From the very first line of the data to the line containing "雞西愛爾眼科醫(yī)院近視手術雙十一鉅惠來襲!", retype everything exactly, leaving the pictures behind.

Records shown Block Start

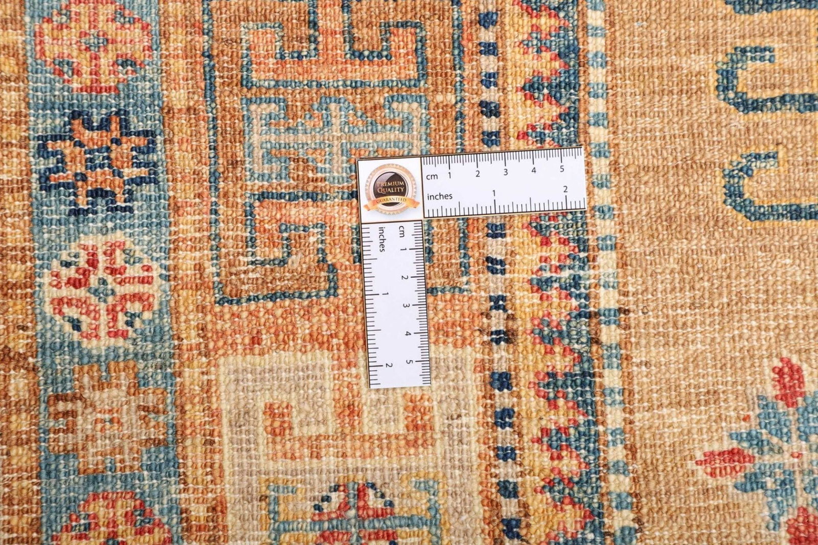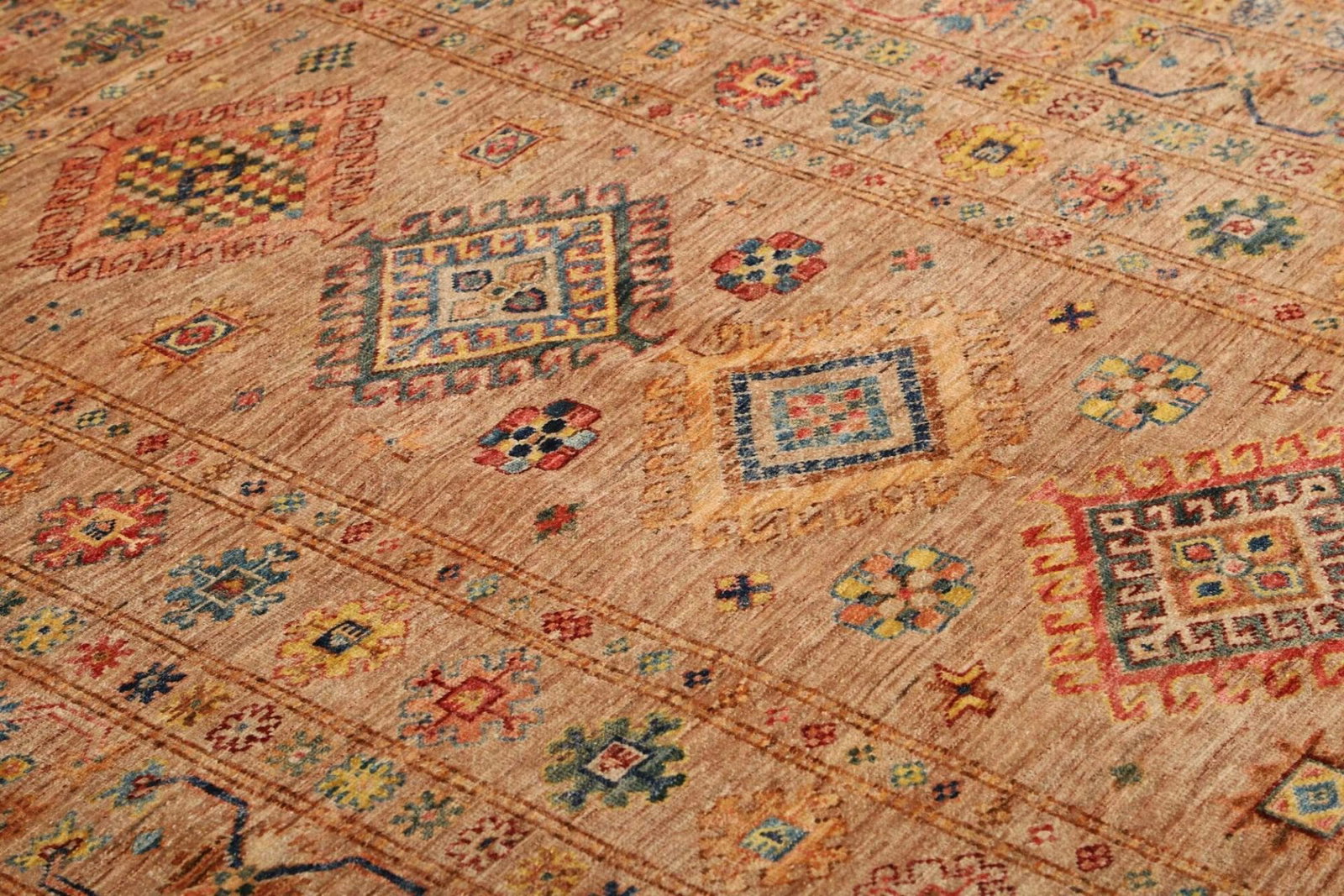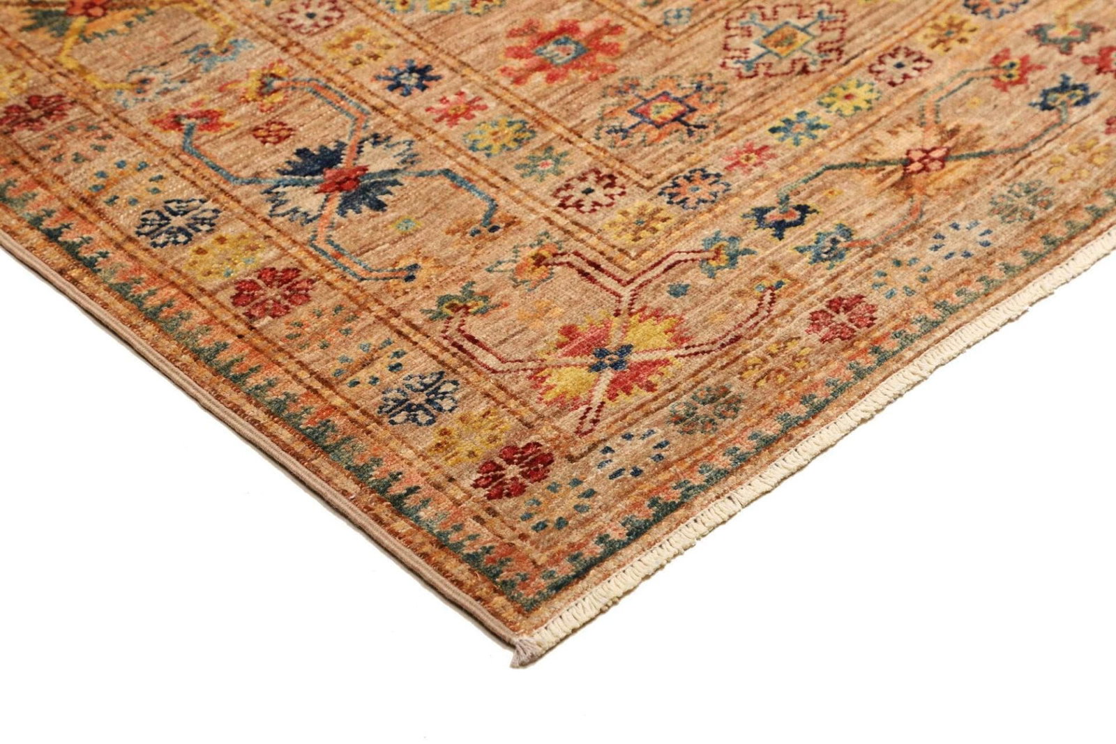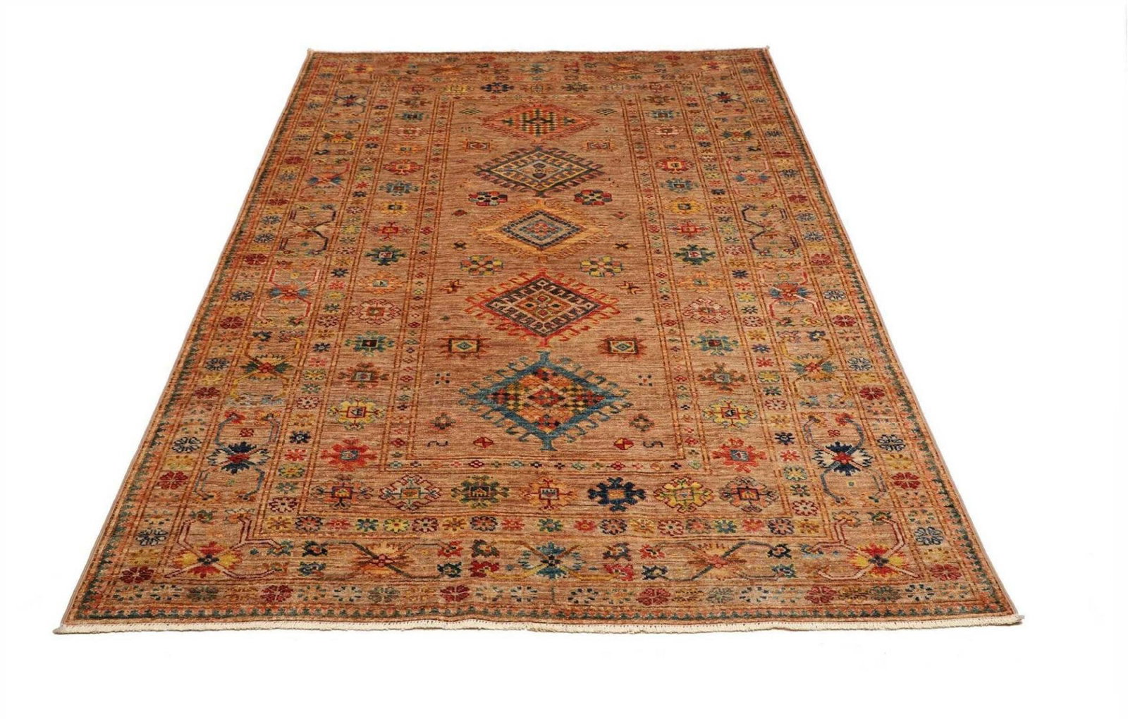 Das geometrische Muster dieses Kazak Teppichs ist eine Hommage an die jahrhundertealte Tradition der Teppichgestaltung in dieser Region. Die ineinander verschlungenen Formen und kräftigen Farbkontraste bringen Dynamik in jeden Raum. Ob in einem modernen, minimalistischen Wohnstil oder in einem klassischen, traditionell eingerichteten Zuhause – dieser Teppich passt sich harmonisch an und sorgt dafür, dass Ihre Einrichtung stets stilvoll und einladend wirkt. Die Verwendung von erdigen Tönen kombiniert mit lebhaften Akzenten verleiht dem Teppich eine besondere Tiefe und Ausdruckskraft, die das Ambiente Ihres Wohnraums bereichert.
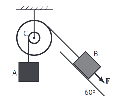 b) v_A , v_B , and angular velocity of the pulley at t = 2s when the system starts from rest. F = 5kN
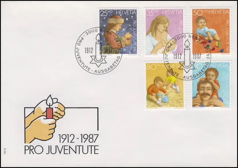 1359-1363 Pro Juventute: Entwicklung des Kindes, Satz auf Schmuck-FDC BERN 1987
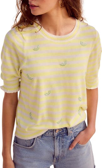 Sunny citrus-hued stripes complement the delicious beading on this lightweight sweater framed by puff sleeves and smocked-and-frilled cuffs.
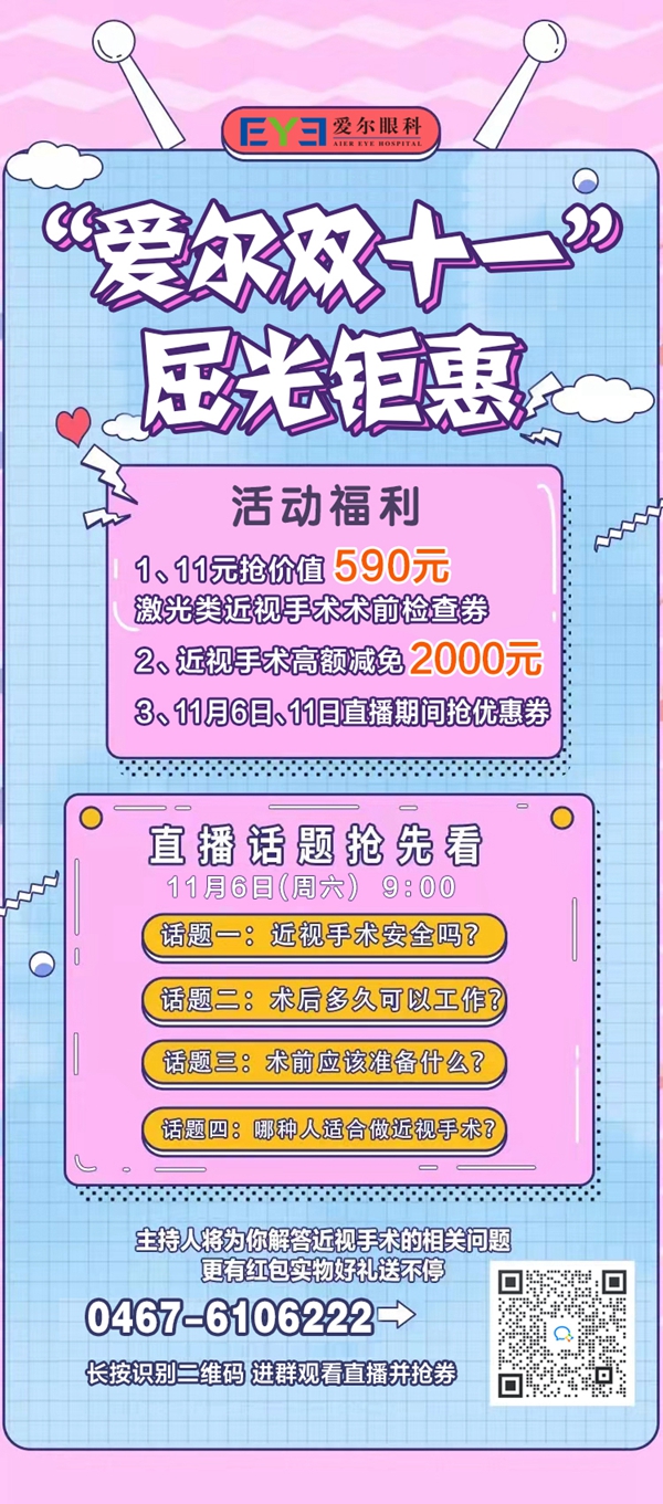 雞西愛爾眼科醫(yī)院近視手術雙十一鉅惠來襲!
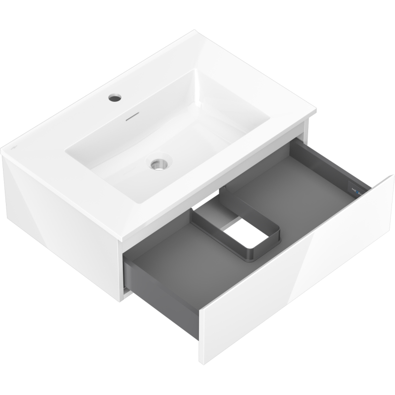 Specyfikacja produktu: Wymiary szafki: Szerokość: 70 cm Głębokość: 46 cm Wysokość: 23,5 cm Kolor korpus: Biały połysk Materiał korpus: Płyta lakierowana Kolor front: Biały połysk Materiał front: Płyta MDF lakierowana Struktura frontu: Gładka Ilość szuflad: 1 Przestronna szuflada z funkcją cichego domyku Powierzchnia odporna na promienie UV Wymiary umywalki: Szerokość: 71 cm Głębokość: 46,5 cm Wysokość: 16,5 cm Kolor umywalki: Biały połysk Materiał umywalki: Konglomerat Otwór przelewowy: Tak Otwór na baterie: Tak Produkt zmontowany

Records shown Block End

Task solution |
 Das geometrische Muster dieses Kazak Teppichs ist eine Hommage an die jahrhundertealte Tradition der Teppichgestaltung in dieser Region. Die ineinander verschlungenen Formen und kräftigen Farbkontraste bringen Dynamik in jeden Raum. Ob in einem modernen, minimalistischen Wohnstil oder in einem klassischen, traditionell eingerichteten Zuhause – dieser Teppich passt sich harmonisch an und sorgt dafür, dass Ihre Einrichtung stets stilvoll und einladend wirkt. Die Verwendung von erdigen Tönen kombiniert mit lebhaften Akzenten verleiht dem Teppich eine besondere Tiefe und Ausdruckskraft, die das Ambiente Ihres Wohnraums bereichert.
 b) v_A , v_B , and angular velocity of the pulley at t = 2s when the system starts from rest. F = 5kN
 1359-1363 Pro Juventute: Entwicklung des Kindes, Satz auf Schmuck-FDC BERN 1987
 Sunny citrus-hued stripes complement the delicious beading on this lightweight sweater framed by puff sleeves and smocked-and-frilled cuffs.
 雞西愛爾眼科醫(yī)院近視手術雙十一鉅惠來襲!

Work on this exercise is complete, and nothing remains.